The document offers a complex range of values ​​with attached confidence levels, error bars, and conservative and optimistic estimates. Conservatively, they predict on average 37 to 60 percent of sun-like stars that have an Earth-like planet in the habitable zone. Optimistically, the balloon average is up to 88% of sun-like stars with a planet in a habitable zone.

Taking the document’s more conservative lower bound, 7 percent of the galaxy’s 4 billion sun-like stars could have an Earth-like planet in the habitable zone. This results in a population of at least 300 million such planets in the Milky Way. With the warp engine and a map, this is a potentially habitable planet for every 26 people in the world. (In fact, 4 of these planets could be within 30 light years of the sun, the closest within 20 light years.)

The key word here is potentially.

This may be our best guess on eta-Earth, but as all addictions should make clear, it will likely be a moving target for years to come. Although the calculation narrows down the uncertainty bands, those bands are still quite wide. Perhaps the biggest contributor to this is the fact that researchers are extrapolating from a very small population of planets.
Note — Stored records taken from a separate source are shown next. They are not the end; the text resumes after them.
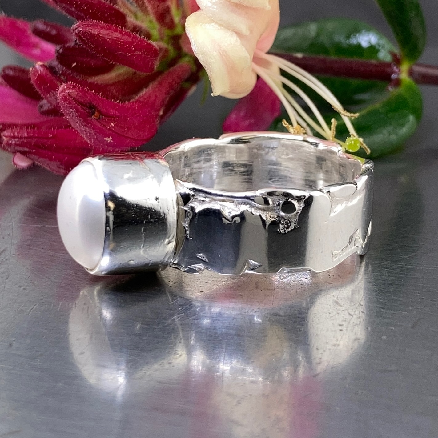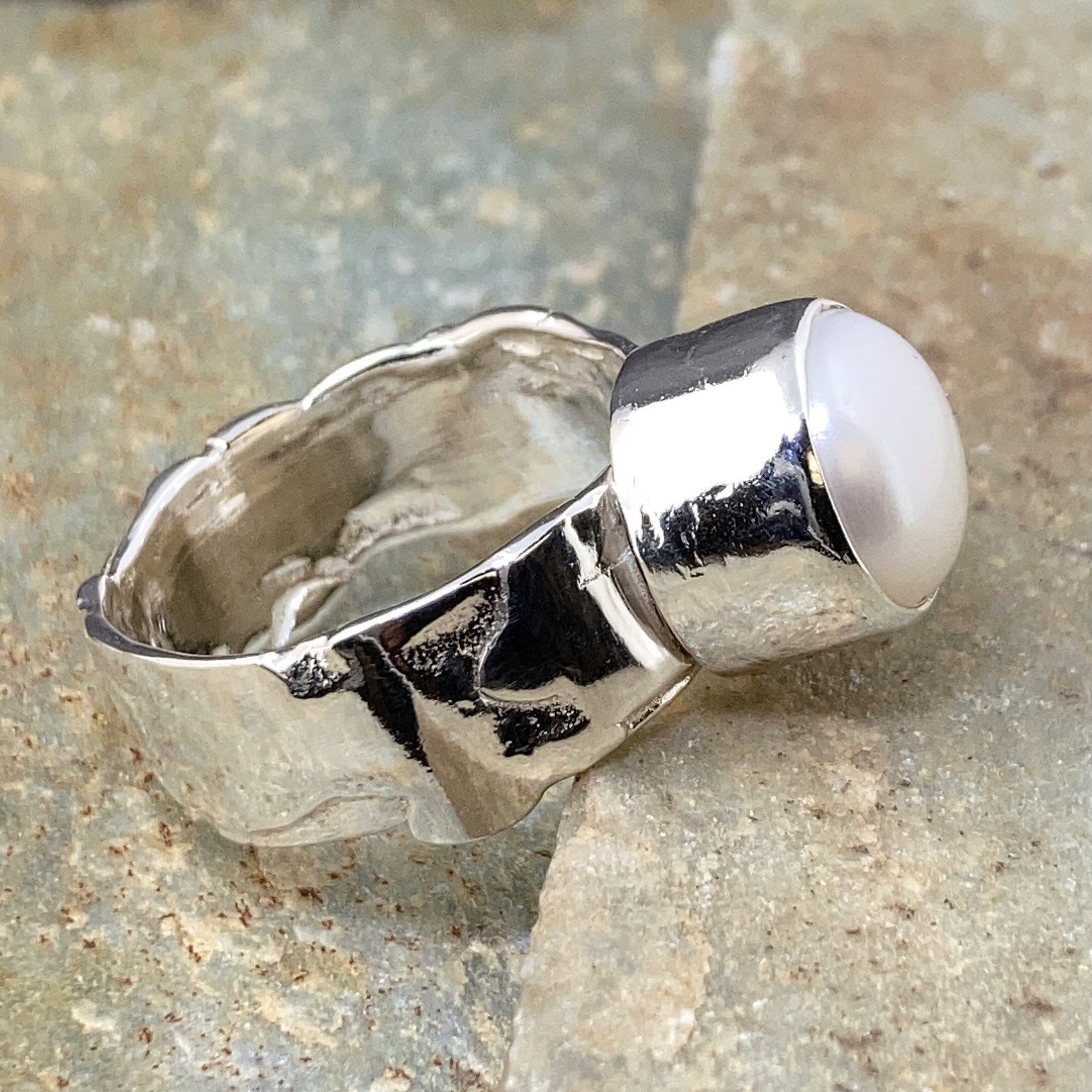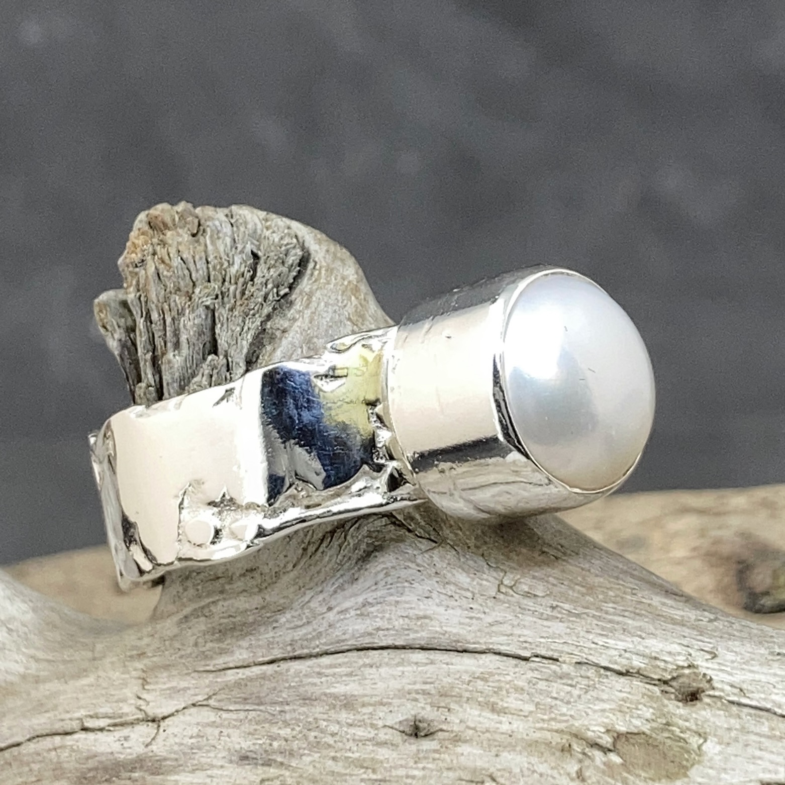 Handmade Pearl ring in Argentium silver with a River Band design. Natural pearl set in a tall bezel with smooth centre and rugged edges.
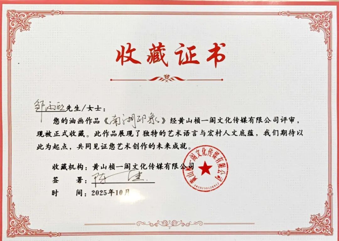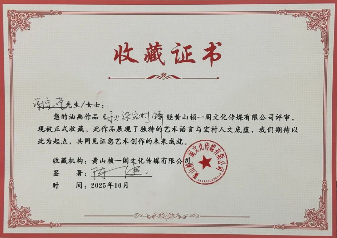 作品收藏不仅是对同学们艺术才华的即时肯定,也是对我院“以写生带动教学,以实践反哺课堂”教学模式的成功验证。它将课堂教学与社会认可无缝衔接,极大地激发了学生的创作热情与专业自信。带队老师表示,此次收藏是对实践教学成果最生动的展示,也是对学生学习成果的充分肯定。在即将离开写生基地之际获得这份认可,为本次秋季写生课程画上了一个圆满的句号。
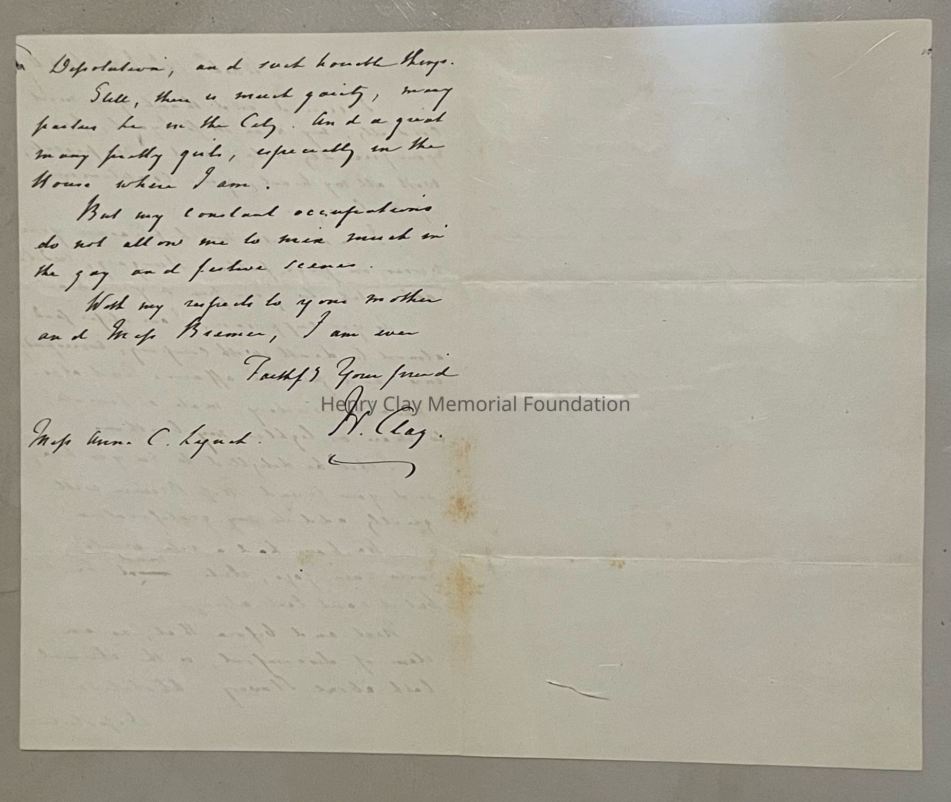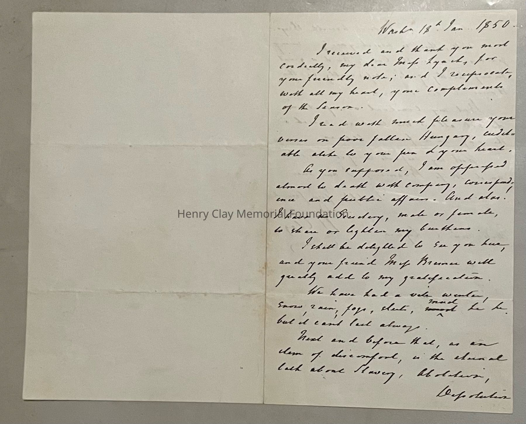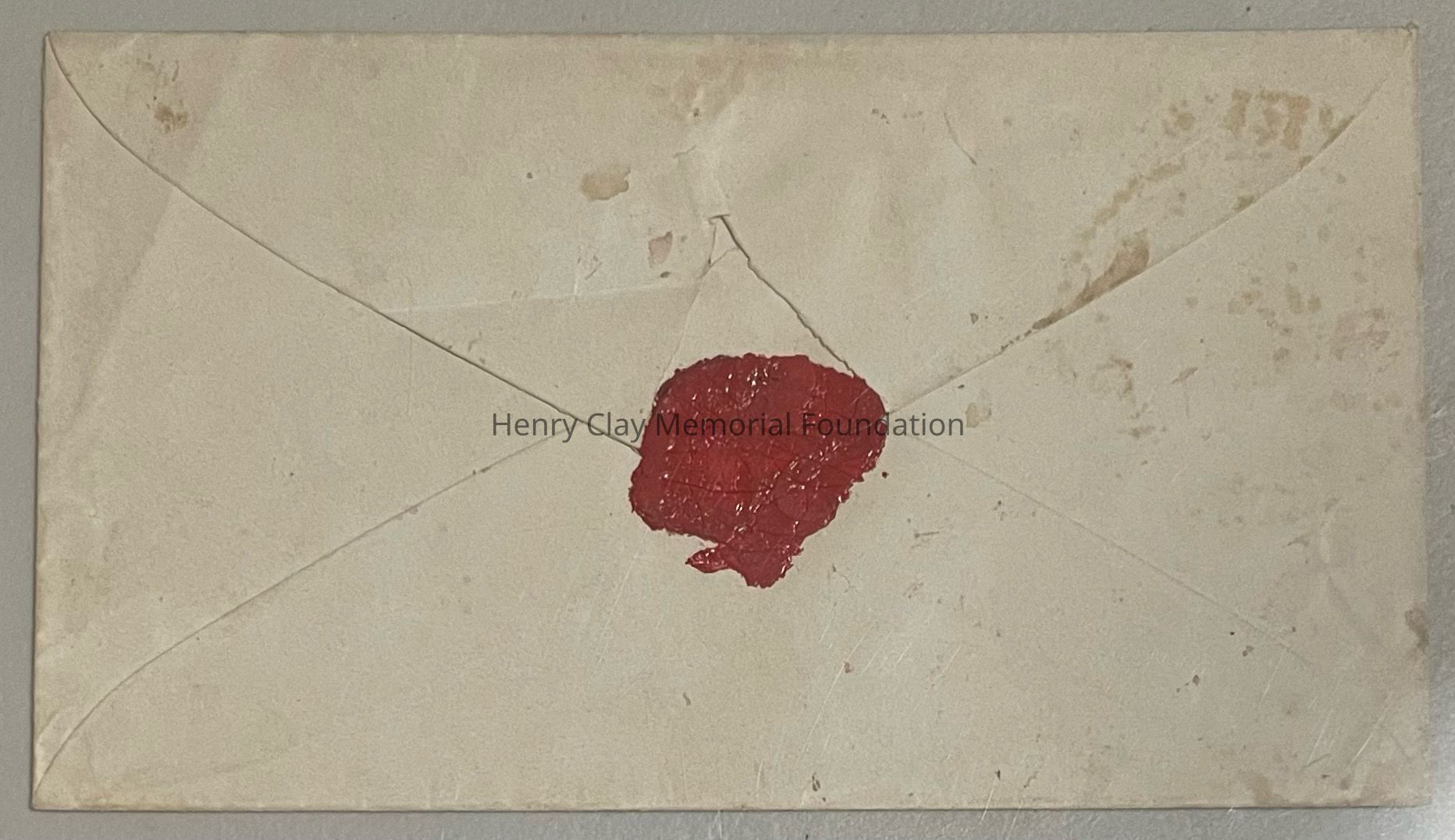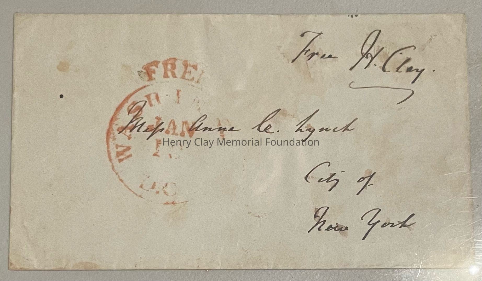 A letter sent from Henry Clay to Anna Lynch, dated January 18, 1850, and the envelope it was sent in, which has a wax seal
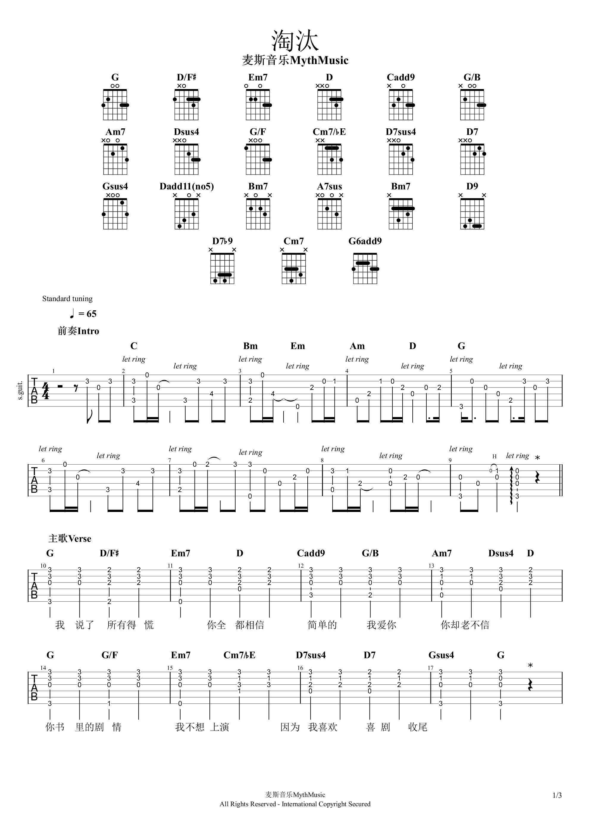 当前位置:琴谱网>吉他弹唱>淘汰
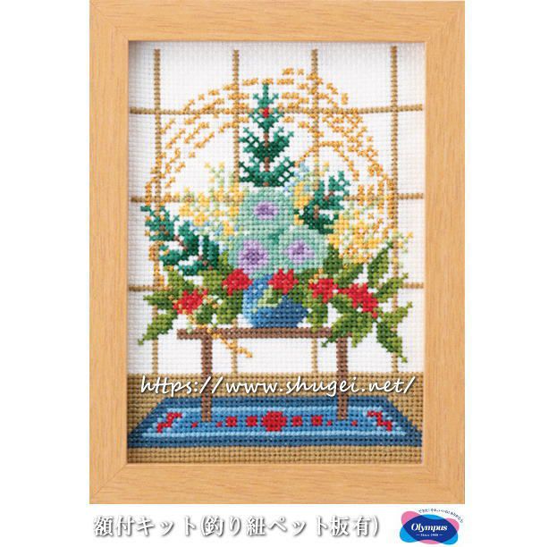 【オリムパス社】7541・1月お正月のお祝い花・小さな花風景・クロスステッチキット・13ct・11.6×16.6・額付・初心者向簡単・olympus
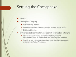 - The founding of Jamestown in 1607 by the Virginia Company in the Chesapeake region, where they encountered the Powhatan people led by Chief Powhatan. John Smith helped the struggling colony survive.
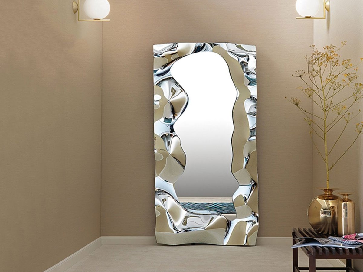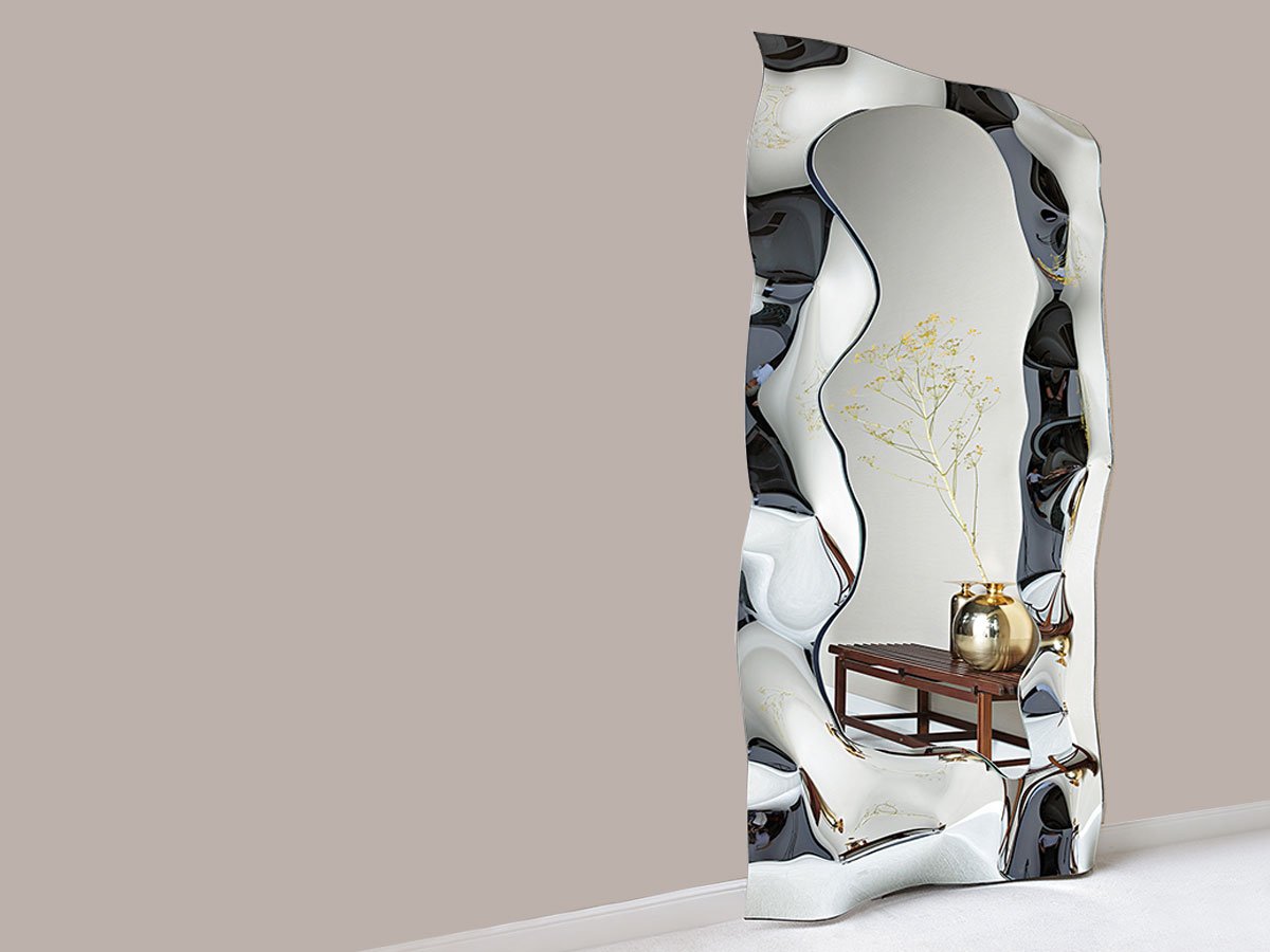 Phantom Mirror is a brand new design by Helidon Xhixha and Dante O. Benini - Luca Gonzo for the brand Fiam. Three models are available for this mirror with a strong presence and faceted reflections, due to the crumpled effect of the silvered frame that seems to blend with the walls on which it is placed.
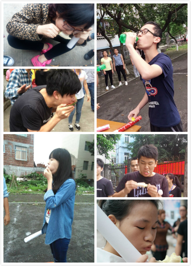 这是一场吃货们的接力赛,这是一场吃货们的体育竞技,看谁在指定的关卡中吃得快,跑得快。“谁说吃货不能跑,我们虽然喜欢吃,但也能飞快的奔跑!”这是参赛的同学们在比赛开始前的豪言壮语。

Further observations should further reduce uncertainty. But even then, the actual conditions on these planets are anyone’s guess. They are too far away to be observed in detail (although the eventual launch of the James Webb Space Telescope could change that in some way).

It’s also worth noting that while sun-like stars make sense as a starting point in our quest for life – the only life we ​​know of is right here in our solar system – other stars are also interesting targets. Smaller, colder, older red dwarfs are much more abundant than sun-like stars. An estimate by the University of California, Courtney Dresser of Berkeley, suggests that one quarter to half of these stars may host planets in the habitable zone. Kepler’s successor, the Transiting Exoplanet Survey Satellite (TESS), will scan the Earth’s neighborhood, where about 75% of the stars are red dwarfs.

Other discoveries could also broaden our reach. Finding life in the clouds of Venus, the icy methane lakes of Titan or the subterranean ocean of Europa could expand what we call habitable. Perhaps liquid water on the surface is not always needed. Perhaps we will add the moons of the outer solar system to the planets.

Whatever happens, the search for life in the galaxy is about to get interesting. This study suggests that the most basic conditions for life may have occurred hundreds of millions of times in our galaxy alone. By a conservative estimate, that’s still a huge number. And while it may shrink as we learn more, it seems more likely it will grow.

As Carl Sagan said, “If it’s just us, it seems like a terrible waste of space.”